Sermon by Rev. Christian C. Tiews – 06/13/2010
“Go out quickly to the streets and lanes of the city, and bring in the poor and crippled and blind and lame.”
He was born in England in 1872, the son of an Anglican minister.
After studying music under the masters of his day, he went on to become one of the most important English composers of the early 20th century, writing symphonies, chamber music, operas, and film scores.
He even incorporated melodies of English folk music into many church hymns.
In fact, no fewer than twenty songs in our Lutheran Service Book—including the sermon hymn we sang moments ago—were composed by this man.
Yet despite being the son of a minister, his Christian faith was damaged—perhaps by the influence of his great uncle, Charles Darwin.
As such, sadly, this musician became an agnostic.
So while he did set sacred texts to beautiful melodies, this was more to express a sense of community with the English people—than to give glory to God.
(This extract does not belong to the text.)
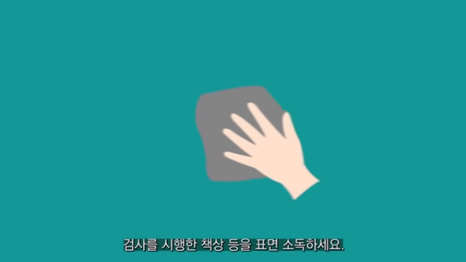 검사를 시행한 책상 등을 표면 소독하세요.

However, the reason this musician serves as our illustration this morning is because of an incident occurring in 1935.
You see, in contrast to the beautiful music that he wrote, he was actually quite a gruff man.
So much so, that when King George V invited him to a royal ceremony in which he was to be knighted for his services to the British Empire, the musician rejected the invitation.
Why did he reject this honor?
Out of a disdain for the Empire? Because he rejected King George V? Out of a feeling of unworthiness? Or perhaps due to selfish pride?